La Corte di Giustizia accoglie nella sentenza in esame una concezione sostanziale di legalità penale, e riconosce che, qualora il giudice nazionale ritenga che l’obbligo di non applicare le disposizioni in materia di prescrizione contrasti con detto principio, egli non sarebbe tenuto a conformarvisi, neppure se la disapplicazione consentisse di rimediare ad una situazione nazionale incompatibile con l’esigenza di effettività della tutela degli interessi finanziari dell’Unione.

Secondo la CGUE infatti i requisiti di prevedibilità, determinatezza e irretroattività inerenti al principio di legalità attengono, nell’ordinamento italiano, anche al regime di prescrizione dei reati.

Ne deriva, in primo luogo, che spetta al giudice nazionale verificare se la condizione, richiesta dalla sentenza Taricco, secondo cui le disposizioni italiane in tema di prescrizione impediscono di infliggere sanzioni penali effettive e dissuasive in un numero considerevole di casi di frode grave sia causa di incertezza quanto alla individuazione del regime di prescrizione applicabile, in contrasto quindi con il principio di determinatezza della legge applicabile.

Inoltre il requisito dell’irretroattività osta a che, per reati in materia di IVA commessi prima della pronuncia della sentenza “Taricco”, il giudice nazionale disapplichi le disposizioni del codice penale in questione, poiché agli imputati potrebbero in tal modo essere inflitte sanzioni alle quali, con ogni probabilità, sarebbero invece sfuggiti, con conseguente assoggettamento a un regime di punibilità più severo di quello vigente al momento del fatto.

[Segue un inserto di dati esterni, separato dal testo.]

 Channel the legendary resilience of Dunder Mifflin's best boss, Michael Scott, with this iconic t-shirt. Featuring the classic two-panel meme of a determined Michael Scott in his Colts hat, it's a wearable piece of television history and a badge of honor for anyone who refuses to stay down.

Poiché alla data dei fatti di cui al procedimento principale, il regime della prescrizione applicabile ai reati in materia di IVA non era stato ancora armonizzato da parte del legislatore dell’Unione[1], il legislatore nazionale era in allora libero di prevedere che anche detto regime ricadesse nel diritto penale sostanziale e fosse quindi soggetto al principio di legalità dei reati e delle pene.

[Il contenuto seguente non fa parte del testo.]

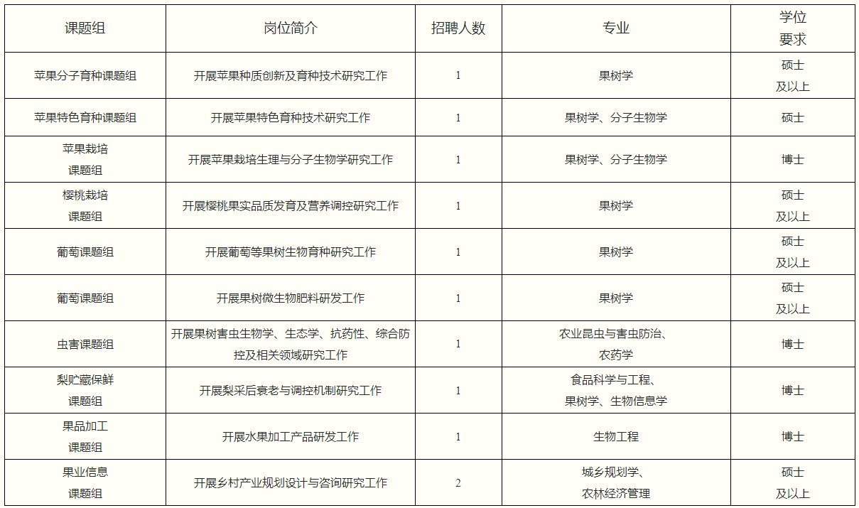 根据果树科技创新事业发展需求,我单位拟面向社会公开招聘优秀高校毕业生、留学回国人员等11名。现将有关事项公告如下:

La Corte di Giustizia individua cosi un limite alla disapplicazione, alla cui concreta attuazione sono chiamati i giudici comuni.

Se all’interprete è, per quanto sin qui argomentato, consentito derogare all’obbligo di disapplicazione delle norme in materia di prescrizione, la Corte di giustizia precisa tuttavia che spetta al legislatore nazionale disciplinare la prescrizione in modo da ottemperare agli obblighi derivanti dall’articolo 325 TFUE, garantendo che il regime nazionale di prescrizione in materia penale non conduca all’impunità in un numero considerevole di casi di frode grave in materia di IVA, e che non differenzi la tutela tra i casi di frode lesivi degli interessi finanziari dello Stato membro e a quelli che ledono gli interessi finanziari dell’Unione.

La Corte ribadisce poi, anche sulla base della giurisprudenza relativa all’interpretazione dell’art. 7 Cedu che “il fatto che un legislatore nazionale proroghi un termine di prescrizione con applicazione immediata, anche con riferimento a fatti addebitati che non sono ancora prescritti, non lede, in linea generale, il principio di legalità dei reati e delle pene” (§42).

In definitiva gli attriti scaturiti dal dialogo tra le Corti si ricompongono qui in un dispositivo che affida al giudice comune il potere di disapplicazione e dunque di valutazione “diffusa” della conformità della disciplina interna alla fonte europea cristallizzata nell’art. 325, par. 1 e 2 TFUE, nel rispetto però del (contro)limite della legalità sostanziale nazionale.

Roma, 14 dicembre 2017

L'Osservatorio Europa 

                                                                                       

[1] armonizzazione avvenuta, in modo parziale, solo con l’adozione della direttiva (UE) 2017/1371 del Parlamento europeo e del Consiglio, del 5 luglio 2017, relativa alla lotta contro la frode che lede gli interessi finanziari dell’Unione mediante il diritto penale. Cfr. in particolare l’art. 12.